MO 23: Electronic Spectroscopy II

MO 23.2: Talk

Thursday, March 17, 2011, 15:00–15:15, MER 02

Probing dissociative molecular dications by mapping of vibrational wavefunctions — •Ralph Püttner¹, Tiberiu Arion², Marko Förstel^2,3, Toralf Lischke², Melanie Mucke², Vladmir Sekushin¹, Günter Kaindl¹, Alexander Bradshaw^2,4, and Uwe Hergenhahn² — ¹Institut für Experimentalphysik, Freie Universität Berlin, Germany — ²Max-Planck-Institut für Plasmaphysik c/o Helmholtz-Zentrum Berlin, Germany — ³Max-Planck-Institut für Kernphysik, Heidelberg, Germany — ⁴Fritz-Haber-Institut der Max-Planck-Gesellschaft, Berlin, Germany

We present high-resolution photoelectron-Auger electron coincidence spectra of CH₄. Since the vibrational structure in the C 1s photoelectron spectrum is resolved, Auger spectra corresponding to the vibrational levels v=0 and 1 can be extracted.

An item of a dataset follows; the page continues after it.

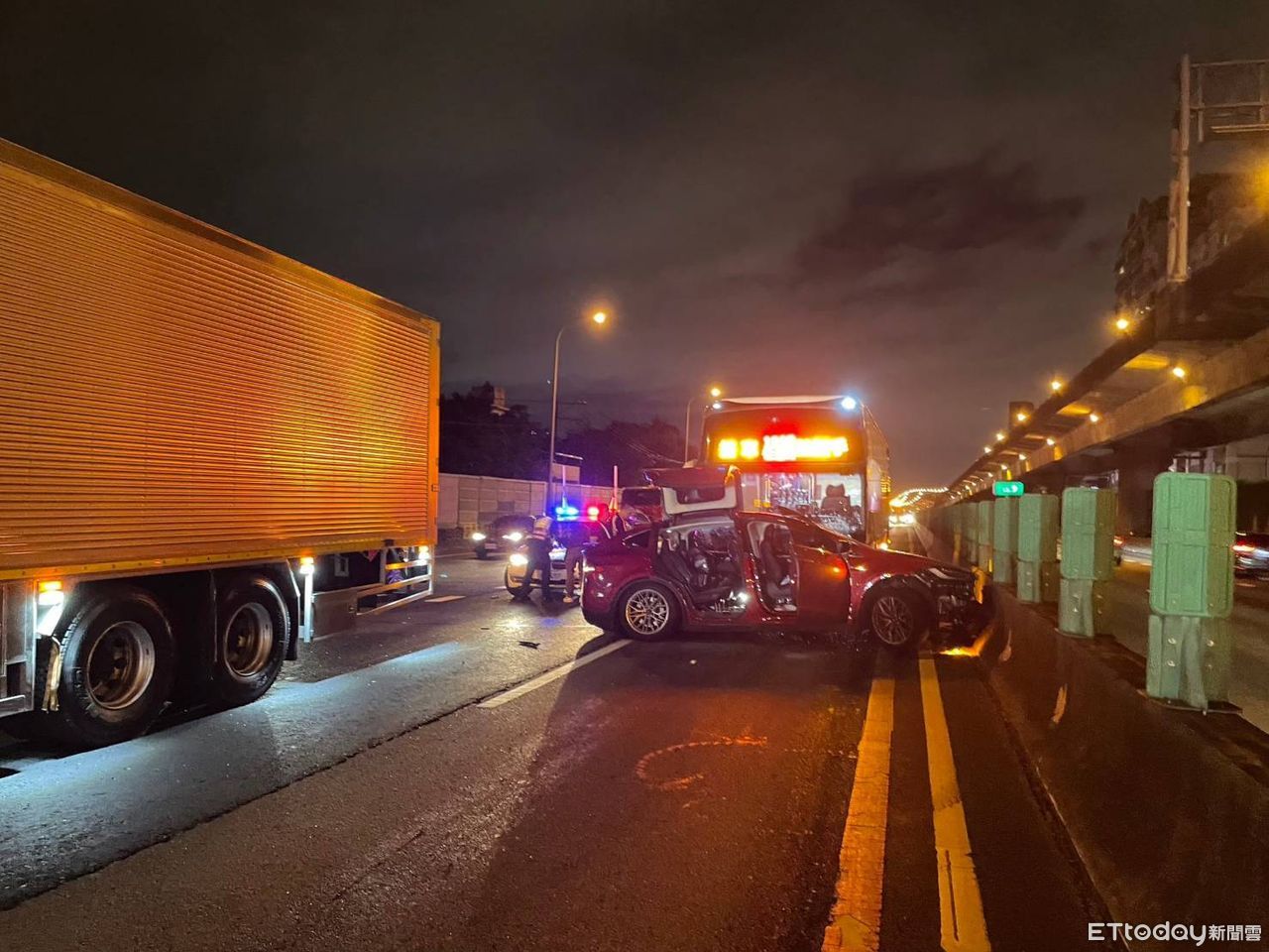 國道1號北向13.9公里、汐止高架路段15日晚間8點08分發生大客車、大貨車及特斯拉轎車追撞事故。警消趕到後發現,事故佔用內側、外側車道,僅剩2輔助車道可通行,事故共造成特斯拉35歲丁姓駕駛受傷,送醫後沒有生命危險。
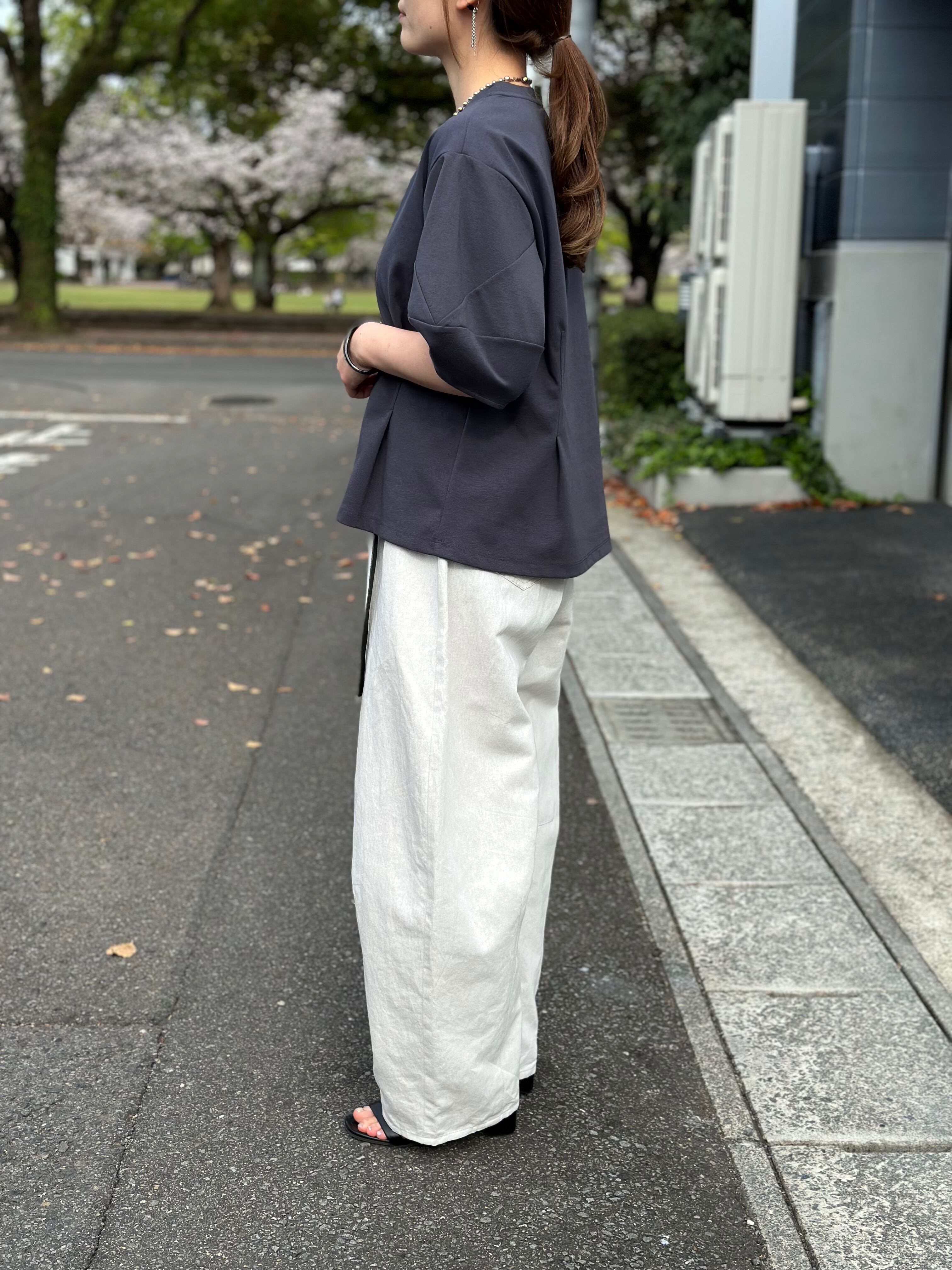 ウエストはシェイプデザインになっており、着痩せ効果も◎

These spectra display pronounced differences due to the fact that the energy spectrum of a transition to a dissociative state reflects the squares of the vibrational wavefunction, Ψ_vib(Q), in the core-ionized state. By implementing this in a simultaneous fit of both spectra we have separated the Auger transitions to all 7 states of dicationic CH₄²⁺ present in this energy region. We were able to derive the energy values and slopes of the potential energy curves of the dicationic states and have found good agreement with other experimental and theoretical results.